Two hours into sorting through old paperwork to see what needs to be retained and what can be shredded and jettisoned I came across pictures of my colon.
These lovely photos are from my last colonoscopy and are due to be updated around this October when I go back for my next one.
These 16 x 24 glossy glamour photos revealed a need for me to go on a three year cycle instead of five so I have a good nap to look forward to somewhere around this October.
It will mark the third time my GI gets to see my naked ass up close and personal but sadly he still hasn’t had the good manners to buy me dinner or to even offer a cocktail.
Anyhoo, not long after I filed the shots I came across a photo of my crooked finger and remembered the comments I received when I posted that on Facebook.
Don’t expect me to share the colon shots there too and not because some of you have alreadt seen me in all my glory. I have become a quiet and shy man in my almost middle age.
Rolling Through The Memories
That is me in the suit, all of 44 years old and to my right is the famous Big Lug we called Moose.
It’s about 16 years now since we last got to hang out and as I wrote earlier this week I talked with his little brother about what would happen if he needed to go cross that rainbow bridge too.
I promised him there was a 125 monster waiting for him who would tell him stories about all of the shenanigans he pulled and about what I was like when I was 25.
It threw me to realize that together they could cover 30 years and for a moment I wondered how could so much time have passed.
Thought about how sometimes I have trouble recognizing myself in the mirror and how other times I see exactly who I have always been.
It is the eyes, always in the eyes.
My little buddy has improved significantly since I wrote that post and the superstitious part of me almost hesitates to put that out there.
It has been a very rough week for some friends of mine, I know people who have lost children and even though my pal is part of the family it is different.
That being said I got excited when the mutt started barking at me because he wanted to go outside and expected to receive a treat.
We swapped stories about growing older and how some of it is harder than expected. I had an honest conversation with him and told him about what happened when my father told me he had agreed to have part of his leg amputated.
Dad told me it was a gamble that might pay off on extending his life. I asked him to be specific and he gave me the answer I knew he would.
He told me it was unknown. I don’t know if he knew I asked because I wanted to see if he would give me a rational response or if it would be something else.
I didn’t like hearing it but I didn’t argue against it and had he said something that I had thought was ridiculous I don’t know if I would have argued or not.
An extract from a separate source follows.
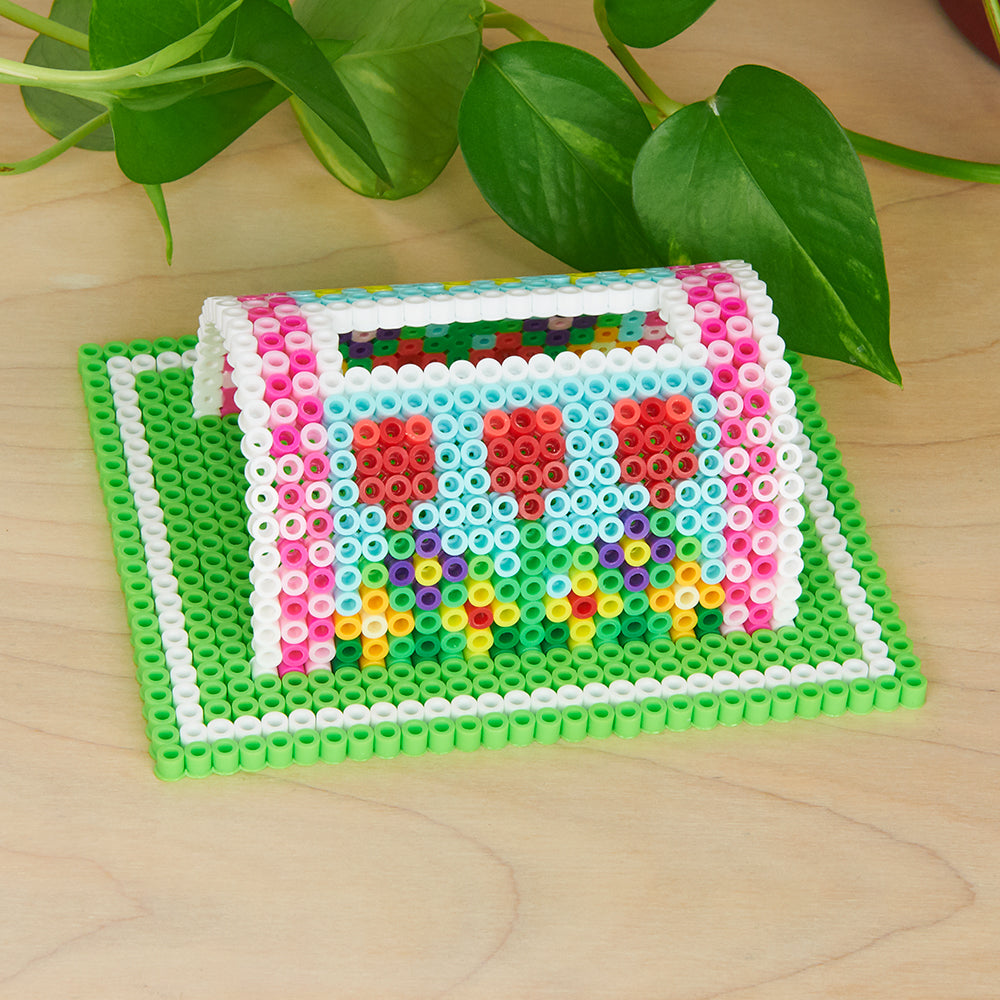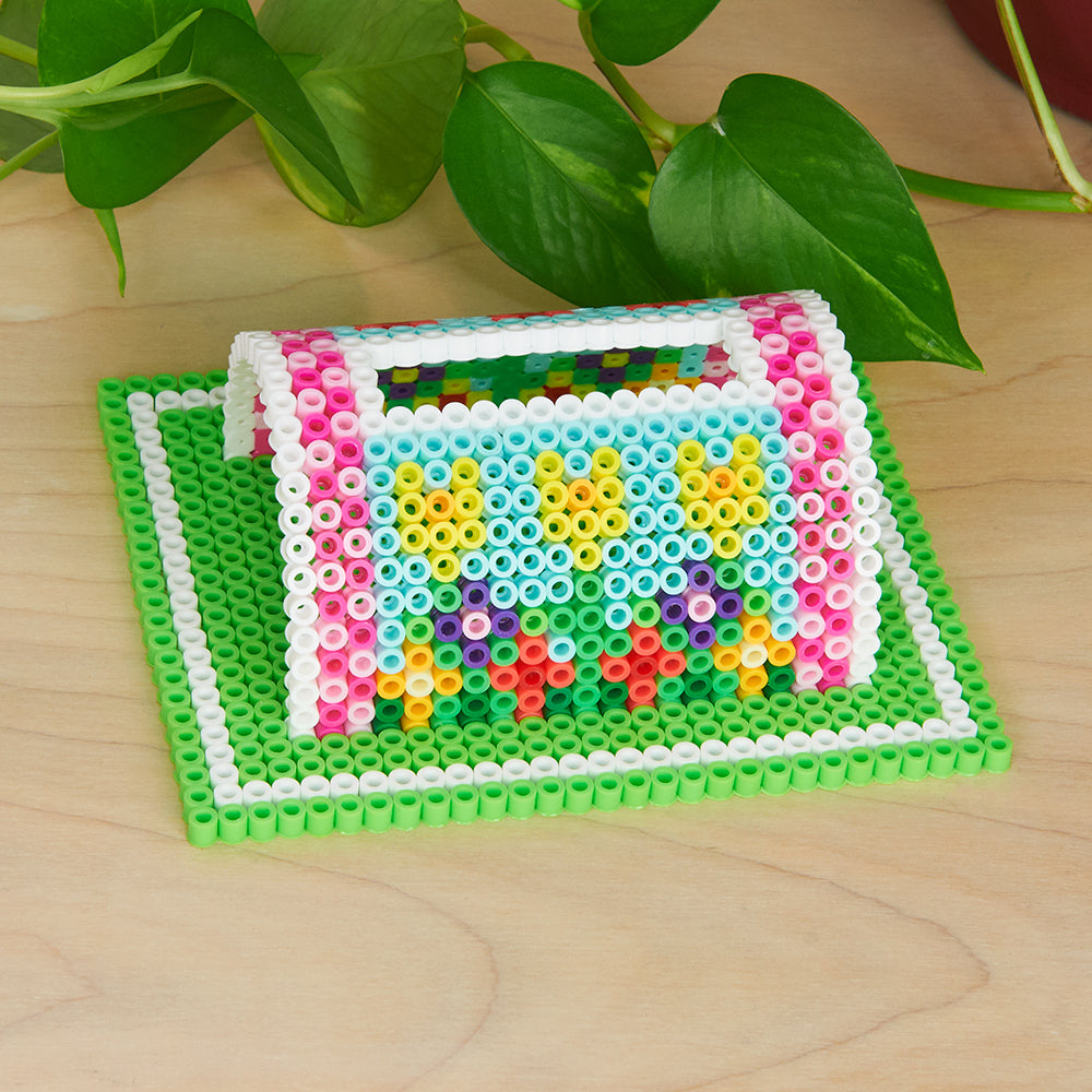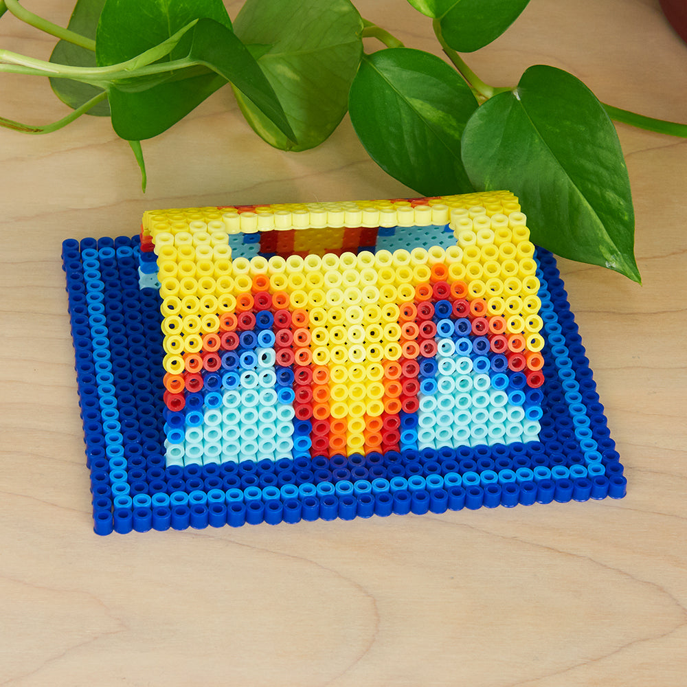 Remove the paper and bead design from the pegboard. Flip the design over to expose the non-fused side. Repeat the fusing. Let cool completely. When the design is cool, peel off the ironing paper. Your pegboards and ironing paper are reusable.
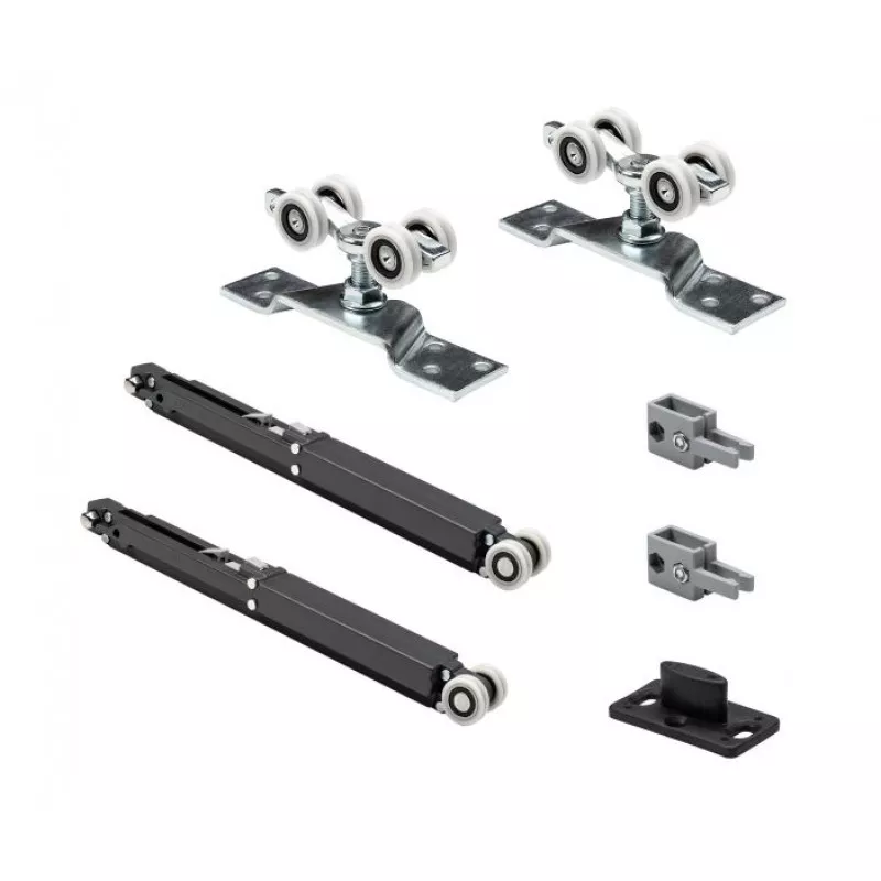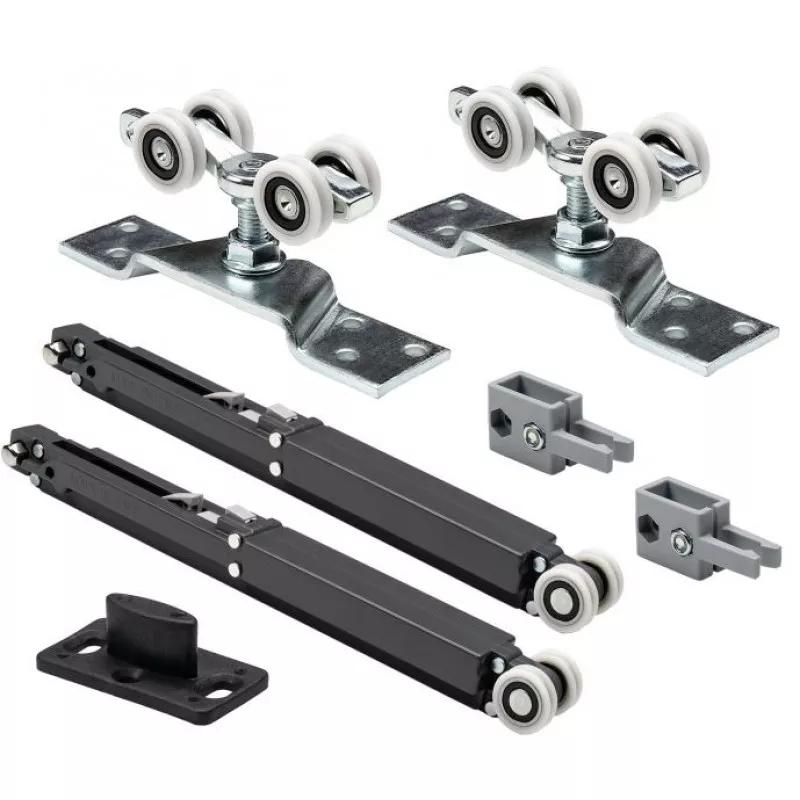 Комплект фурнитуры для одной раздвижной двери. максимальная нагрузка на полотно до 120 кг минимальная толщина дверного полотна 28 мм, в комплект входит верхняя направляющая AF-96 - 2 метра и нижняя направляющая на 1 полотно + 2 доводчика для плавного закрывания и открывания двери.

He was in complete control of his faculties and for that I have always been grateful. He knew us all to the end.
So I told my furry friend that I know there is a clock and that none of us will outrace it, not even those of us with four legs who can run like the wind.
But I said there is no rush and that we’d like to have as much quality time as we can get.
Thirty-Seven Years Later
This coming May will mark the 37th anniversary of this photo. The house it was taken in was torn down and rebuilt and some of the people who were at that party are gone too.
That guy in the photo was on the swim team and was the Editor-In-Chief of the high school newspaper. He thought he was going to graduate high school and spend his freshman year in Israel.
Afterwards he might go to the University of Arizona or UC Irvine because he had been admitted to both schools. He thought a bit about becoming a sports reporter or maybe going into law.
There were some other possibilities too, but at the moment that shot was taken time felt endless.
I am a decade older now than my parents were back when the photo was taken. It occurs to me it’s good that I haven’t ever tried to measure my life against theirs.
By the time my father was 55 two of his children were married and he was only a couple of years away from becoming a grandfather.
We all walk our paths and though there are similarities there are always big differences too.
Mitch Mitchell
You had a parking meter in your bedroom? Cool! I never saw a parking meter until I was in my early 20s, back in the days when a quarter gave you 30 minutes. So many things have changed since then; I hate growing up, especially because I’m not rich enough to change anything in my life right now.
Joshua Wilner
Good friends of mine threw a surprise party for my 18th birthday. That picture was taken then, but the party wasn’t at my house so that is not my parking meter.
Growing up in LA I saw meters from my earliest years, but I remember a couple of dimes being enough for a little time.
I hear you about not being rich enough to change things. That can be challenging.